### RECORDS FOR THE EXERCISE
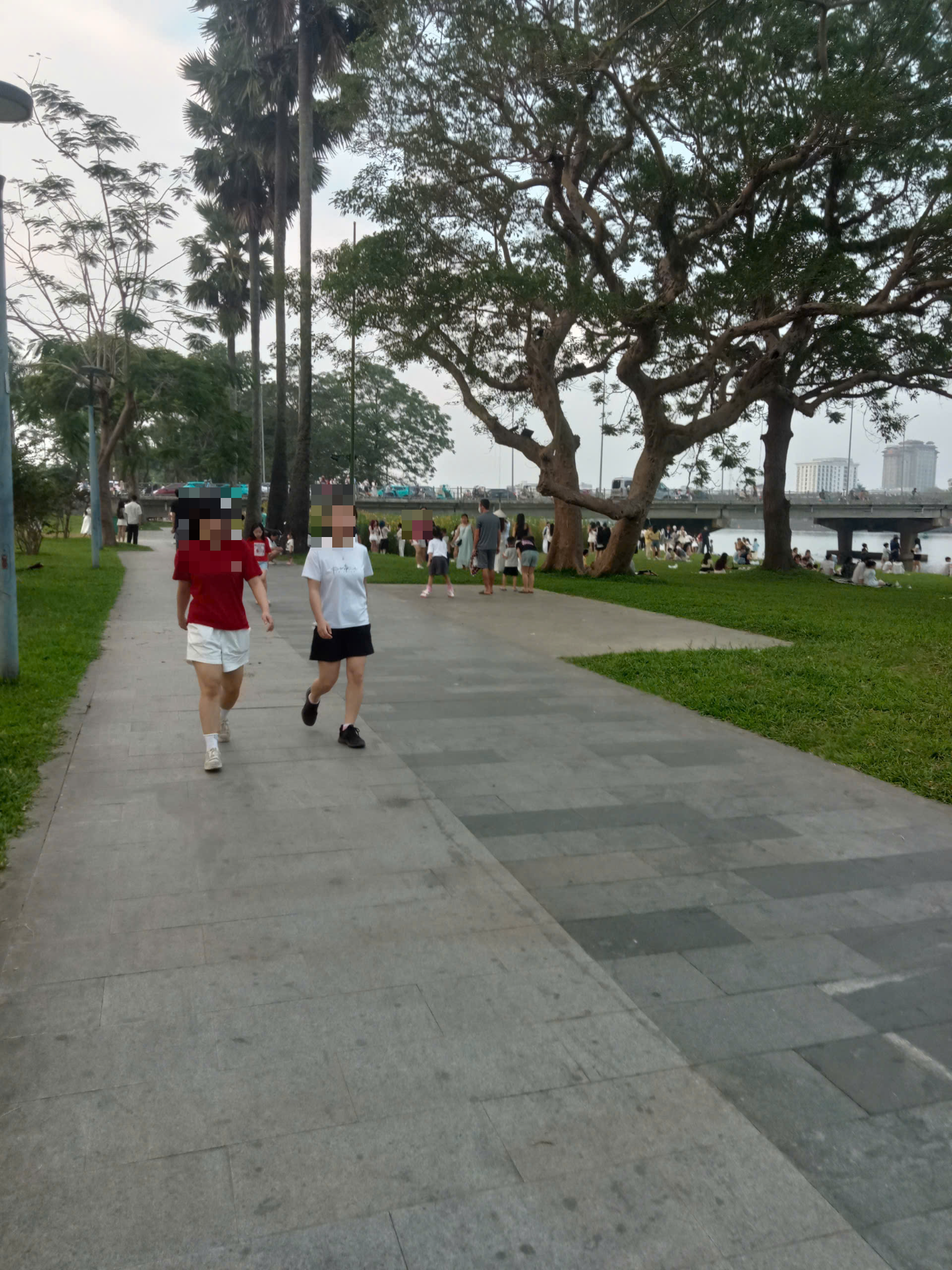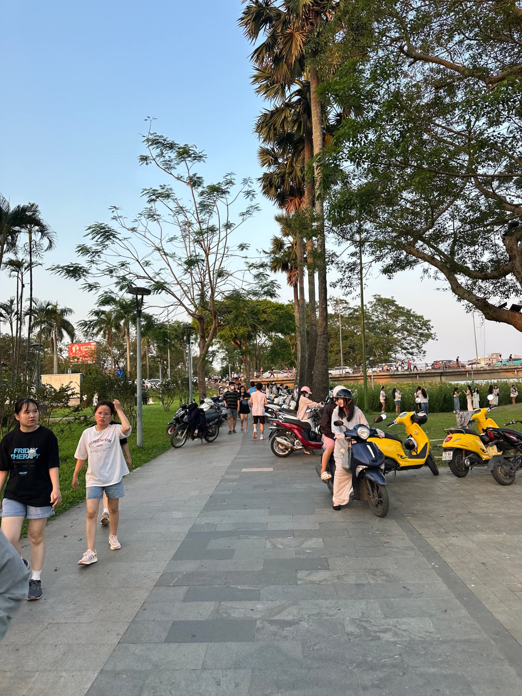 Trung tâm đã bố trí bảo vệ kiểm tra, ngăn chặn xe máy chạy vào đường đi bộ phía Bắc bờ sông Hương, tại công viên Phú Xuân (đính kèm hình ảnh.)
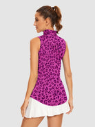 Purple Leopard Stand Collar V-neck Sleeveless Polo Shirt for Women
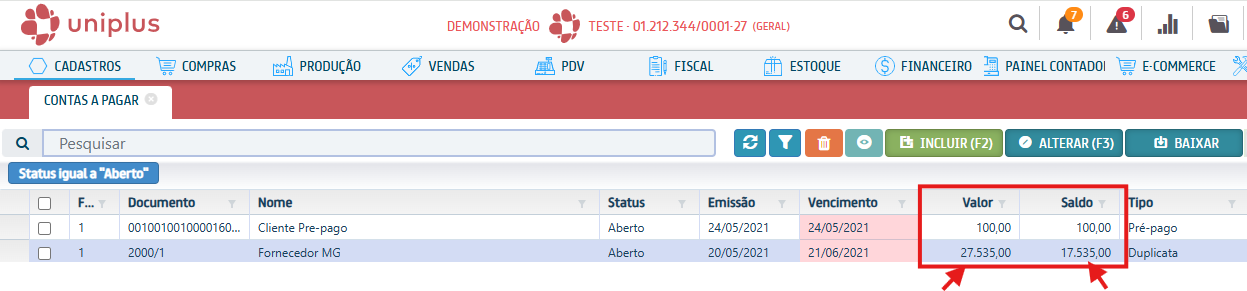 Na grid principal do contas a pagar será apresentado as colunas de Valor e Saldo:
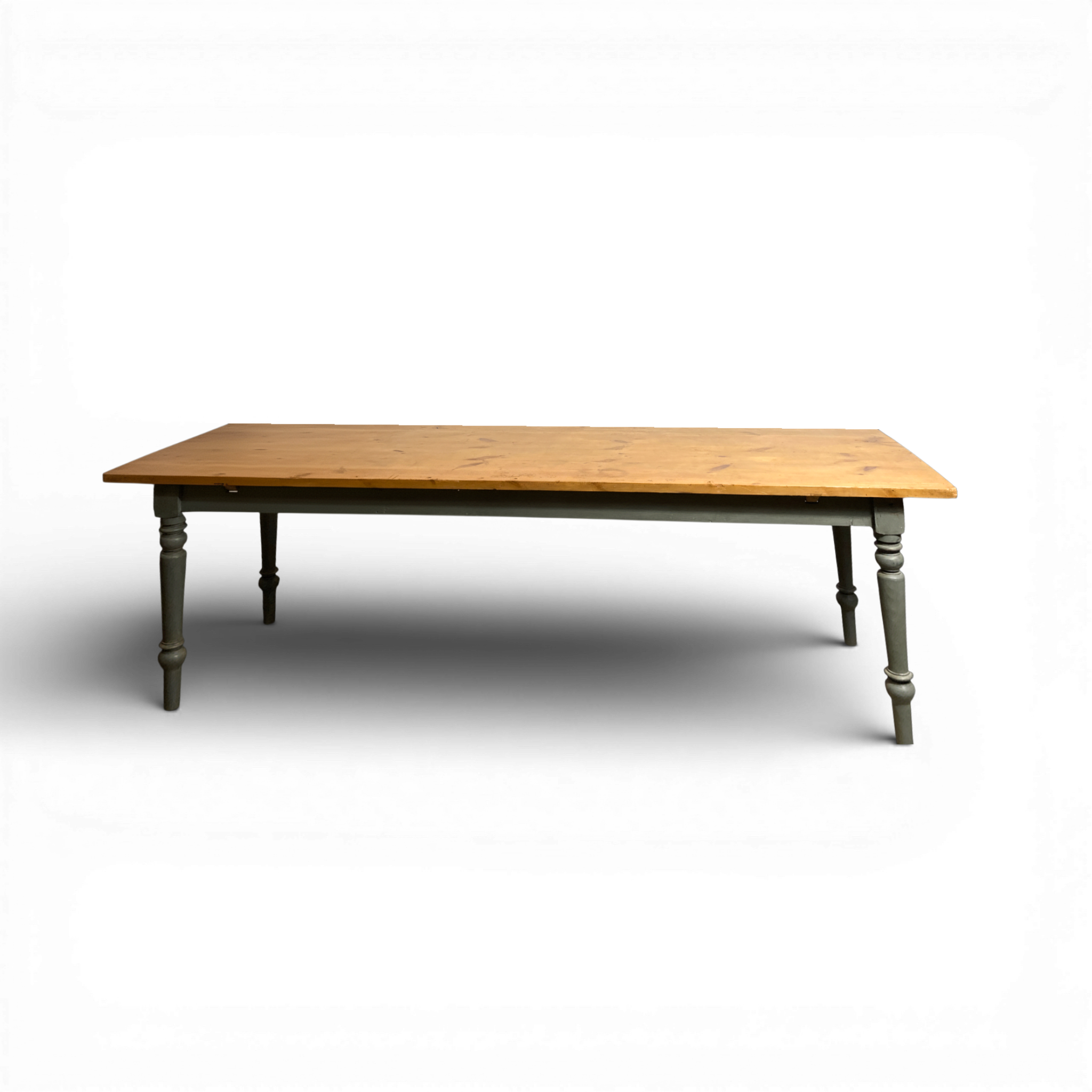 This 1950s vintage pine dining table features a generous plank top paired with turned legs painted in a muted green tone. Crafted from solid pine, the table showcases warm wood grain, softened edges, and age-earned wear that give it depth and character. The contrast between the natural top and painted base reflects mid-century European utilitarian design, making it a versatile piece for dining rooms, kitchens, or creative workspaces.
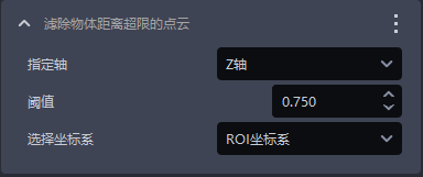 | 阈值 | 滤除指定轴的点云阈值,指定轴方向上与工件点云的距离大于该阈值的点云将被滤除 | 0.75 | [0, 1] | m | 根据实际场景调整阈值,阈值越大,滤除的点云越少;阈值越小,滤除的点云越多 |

### WORK ITEM
Exactly the lines above from the one that contains "Purple Leopard Stand" down to the one that contains "This 1950s vintage" are to be output, both ends kept and pictures omitted.

### RESPONSE AREA
 Purple Leopard Stand Collar V-neck Sleeveless Polo Shirt for Women
 Na grid principal do contas a pagar será apresentado as colunas de Valor e Saldo:
 This 1950s vintage pine dining table features a generous plank top paired with turned legs painted in a muted green tone. Crafted from solid pine, the table showcases warm wood grain, softened edges, and age-earned wear that give it depth and character. The contrast between the natural top and painted base reflects mid-century European utilitarian design, making it a versatile piece for dining rooms, kitchens, or creative workspaces.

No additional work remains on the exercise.